Catholic tradition includes specific prayers and devotions as acts of reparation for insults and blasphemies against Jesus Christ and the Holy Name of Jesus. These include the sufferings during the Passion of Jesus. Similar prayers as Acts of Reparation to the Virgin Mary and Acts of Reparation to The Holy Trinity also exist.

These prayers are recited with the intent to repair the sins of others, e.g. when the Name of Jesus Christ is taken in vain, for the repair of the sin of blasphemy or the insults against and sufferings of Jesus in Calvary. Pope John Paul II referred to reparation as the "unceasing effort to stand beside the endless crosses on which the Son of God continues to be crucified".

Specific Roman Catholic organizations with this purpose exist. For instance, the Archconfraternity of Reparation for blasphemy and the neglect of Sunday was founded by Msgr. Pierre Louis Parisis in 1847 and the Archconfraternity of the Holy Face was founded in 1851 by Leo Dupont, the "Holy Man of Tours". In 1950, the abbot Hildebrand Gregori formed the organization "Prayerful Sodality" which in 1977 became the Pontifical Congregation of the Benedictine Sisters of the Reparation of the Holy Face.

Apparitions and reparations 
The need for prayers of reparation has also been emphasized within messages reported as part of Marian apparitions. A key recent example is the apparition of Our Lady of Akita in 1973 in which Sister Agnes Sasagawa reported the following message from the Blessed Virgin Mary:

 "Many men in this world afflict the Lord. I desire souls to console Him to soften the anger of the Heavenly Father."

The Eternal Word Television Network says although there is no recorded approval from the Vatican, the local bishop's approval of this private revelation has yet to be overruled.

The need for prayers of repentance, reparation and penance was also emphasized in the reported messages of Our Lady of Kibeho in 1982.

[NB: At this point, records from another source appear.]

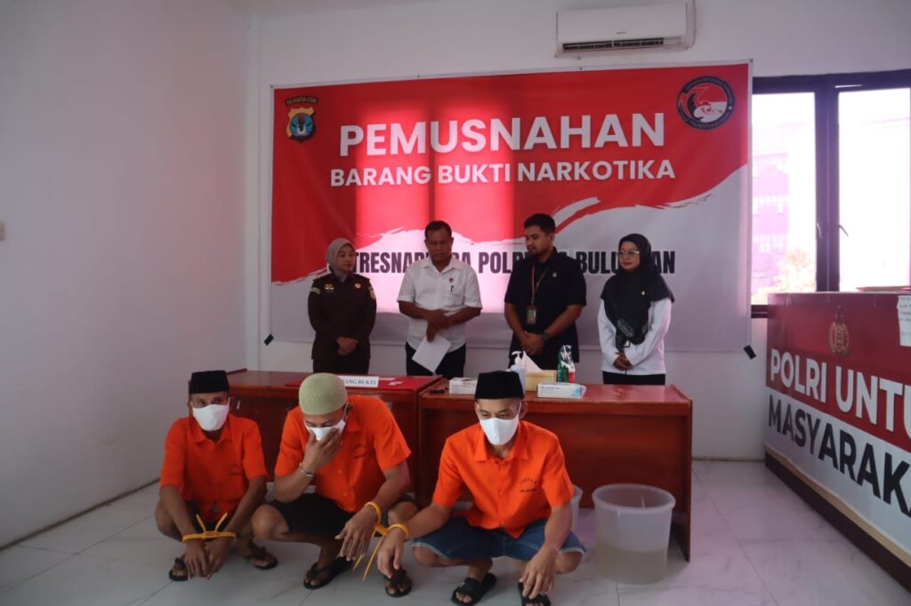 PUBLIKA TANJUNG SELOR- Satuan Reserse Narkoba (Sat Resnarkoba) Polresta Bulungan melaksanakan pemusnahan barang bukti narkotika jenis sabu-sabu seberat 55,85 gram hasil penangkapan terhadap tiga orang tersangka berinisial IR, SA, dan AF pada Rabu, 22 Oktober 2025. Pemusnahan barang bukti ini dilakukan di Ruang Sat Resnarkoba Polresta Bulungan dan disaksikan langsung oleh ketiga tersangka serta perwakilan sejumlah institusi terkait.
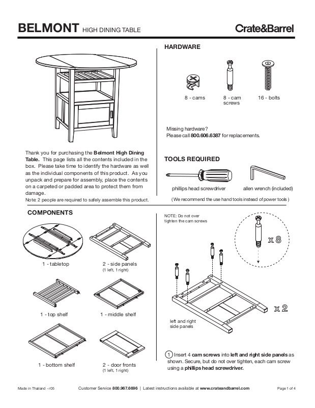 Customer Service 800.967.6696 | Latest instructions available at www.crateandbarrel.com
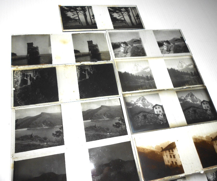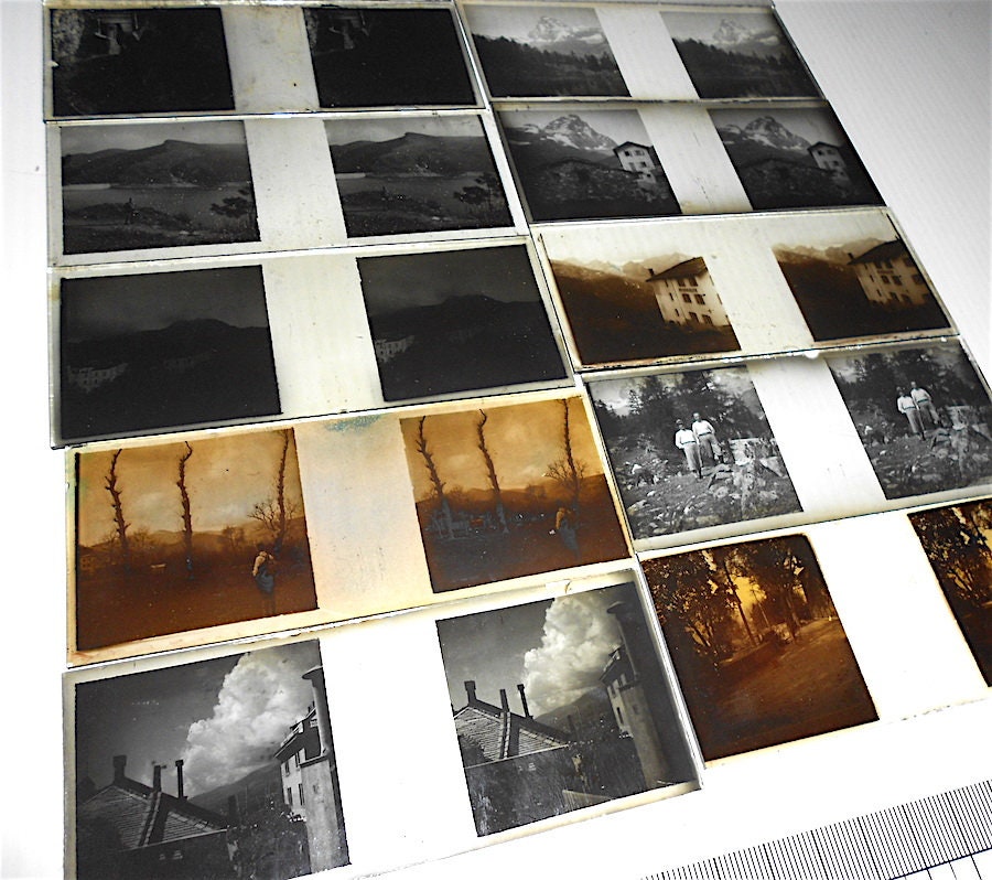 Splendid little box from the early 1900s with 13 plates with silver bromide photographs depicting a trip to the Aosta Valley

Rosary of the Holy Wounds 

The Rosary of the Holy Wounds is a Rosary based prayer but it does not include the usual mysteries of the rosary. It is primarily directed at the sufferings of Jesus Christ and was first presented by Marie Martha Chambon who lived in Chambéry, France and died in 1907.

She reported that Jesus Christ appeared to her asked her to unite her sufferings with His as an Act of Reparation for the sins of the world. It also has special applicability to the souls in Purgatory.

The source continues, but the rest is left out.